▸ Directions for this task:
Two lines mark the range in the entries below: the one holding "Nekretnina je opremljena" and the one holding "Kate’s brother, Nick". Set down those two and all lines between them, exactly.

▸ Records shown:

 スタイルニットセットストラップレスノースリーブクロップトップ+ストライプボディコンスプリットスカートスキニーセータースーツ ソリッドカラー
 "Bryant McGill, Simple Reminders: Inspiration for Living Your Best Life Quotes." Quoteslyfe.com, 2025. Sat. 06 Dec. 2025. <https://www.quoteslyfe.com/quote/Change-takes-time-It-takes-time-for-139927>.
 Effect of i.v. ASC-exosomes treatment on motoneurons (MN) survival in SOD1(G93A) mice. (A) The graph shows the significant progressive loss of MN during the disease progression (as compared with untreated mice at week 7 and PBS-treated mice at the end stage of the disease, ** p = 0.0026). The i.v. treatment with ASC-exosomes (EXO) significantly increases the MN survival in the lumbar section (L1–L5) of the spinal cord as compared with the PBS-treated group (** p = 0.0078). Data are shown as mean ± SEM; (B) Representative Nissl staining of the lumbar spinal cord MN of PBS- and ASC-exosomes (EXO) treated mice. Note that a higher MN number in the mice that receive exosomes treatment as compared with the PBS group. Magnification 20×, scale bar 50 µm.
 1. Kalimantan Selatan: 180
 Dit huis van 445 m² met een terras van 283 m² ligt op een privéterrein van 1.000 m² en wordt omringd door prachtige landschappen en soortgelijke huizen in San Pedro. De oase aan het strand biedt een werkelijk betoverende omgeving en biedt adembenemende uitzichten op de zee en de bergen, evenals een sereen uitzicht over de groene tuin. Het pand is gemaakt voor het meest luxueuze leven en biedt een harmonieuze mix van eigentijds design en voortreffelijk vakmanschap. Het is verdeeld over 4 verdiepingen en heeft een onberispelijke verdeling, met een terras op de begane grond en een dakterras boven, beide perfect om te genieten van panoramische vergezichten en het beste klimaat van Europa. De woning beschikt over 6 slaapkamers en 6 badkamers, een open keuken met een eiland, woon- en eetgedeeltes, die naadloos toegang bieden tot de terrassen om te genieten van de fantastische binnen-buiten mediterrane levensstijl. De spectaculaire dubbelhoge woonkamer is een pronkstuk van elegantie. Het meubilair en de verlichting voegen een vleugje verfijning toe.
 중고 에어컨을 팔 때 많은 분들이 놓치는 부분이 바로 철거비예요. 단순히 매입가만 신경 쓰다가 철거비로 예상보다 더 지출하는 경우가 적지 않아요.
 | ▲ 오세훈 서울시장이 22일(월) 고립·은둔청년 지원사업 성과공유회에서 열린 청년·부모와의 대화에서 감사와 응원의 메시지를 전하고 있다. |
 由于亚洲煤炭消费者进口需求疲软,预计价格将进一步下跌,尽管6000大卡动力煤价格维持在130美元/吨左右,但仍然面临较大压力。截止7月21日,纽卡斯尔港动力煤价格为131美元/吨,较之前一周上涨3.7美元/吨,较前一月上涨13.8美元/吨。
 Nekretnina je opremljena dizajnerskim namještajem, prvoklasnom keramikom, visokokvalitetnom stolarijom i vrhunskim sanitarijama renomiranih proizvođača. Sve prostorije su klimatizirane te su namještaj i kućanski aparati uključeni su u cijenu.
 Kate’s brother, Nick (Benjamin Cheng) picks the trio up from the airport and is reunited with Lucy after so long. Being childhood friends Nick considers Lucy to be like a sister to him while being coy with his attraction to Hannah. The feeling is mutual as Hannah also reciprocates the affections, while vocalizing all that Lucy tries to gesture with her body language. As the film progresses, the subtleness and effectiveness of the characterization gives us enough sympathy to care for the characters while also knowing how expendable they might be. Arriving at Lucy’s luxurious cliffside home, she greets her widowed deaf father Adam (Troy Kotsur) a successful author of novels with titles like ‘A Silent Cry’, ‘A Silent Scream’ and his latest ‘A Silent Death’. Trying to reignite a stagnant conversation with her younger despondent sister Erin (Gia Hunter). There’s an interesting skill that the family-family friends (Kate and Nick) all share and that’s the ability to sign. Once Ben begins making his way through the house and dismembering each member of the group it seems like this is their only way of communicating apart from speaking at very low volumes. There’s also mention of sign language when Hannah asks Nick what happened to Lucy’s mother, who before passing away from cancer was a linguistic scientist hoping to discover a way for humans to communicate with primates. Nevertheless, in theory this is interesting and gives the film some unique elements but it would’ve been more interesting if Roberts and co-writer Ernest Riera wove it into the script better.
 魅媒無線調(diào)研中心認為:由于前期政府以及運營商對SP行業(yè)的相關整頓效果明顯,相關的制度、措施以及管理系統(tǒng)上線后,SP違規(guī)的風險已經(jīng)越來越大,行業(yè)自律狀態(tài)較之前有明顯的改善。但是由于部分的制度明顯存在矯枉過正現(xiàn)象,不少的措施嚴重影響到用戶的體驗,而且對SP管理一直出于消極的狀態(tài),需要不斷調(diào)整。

▸ Result:
 Nekretnina je opremljena dizajnerskim namještajem, prvoklasnom keramikom, visokokvalitetnom stolarijom i vrhunskim sanitarijama renomiranih proizvođača. Sve prostorije su klimatizirane te su namještaj i kućanski aparati uključeni su u cijenu.
 Kate’s brother, Nick (Benjamin Cheng) picks the trio up from the airport and is reunited with Lucy after so long. Being childhood friends Nick considers Lucy to be like a sister to him while being coy with his attraction to Hannah. The feeling is mutual as Hannah also reciprocates the affections, while vocalizing all that Lucy tries to gesture with her body language. As the film progresses, the subtleness and effectiveness of the characterization gives us enough sympathy to care for the characters while also knowing how expendable they might be. Arriving at Lucy’s luxurious cliffside home, she greets her widowed deaf father Adam (Troy Kotsur) a successful author of novels with titles like ‘A Silent Cry’, ‘A Silent Scream’ and his latest ‘A Silent Death’. Trying to reignite a stagnant conversation with her younger despondent sister Erin (Gia Hunter). There’s an interesting skill that the family-family friends (Kate and Nick) all share and that’s the ability to sign. Once Ben begins making his way through the house and dismembering each member of the group it seems like this is their only way of communicating apart from speaking at very low volumes. There’s also mention of sign language when Hannah asks Nick what happened to Lucy’s mother, who before passing away from cancer was a linguistic scientist hoping to discover a way for humans to communicate with primates. Nevertheless, in theory this is interesting and gives the film some unique elements but it would’ve been more interesting if Roberts and co-writer Ernest Riera wove it into the script better.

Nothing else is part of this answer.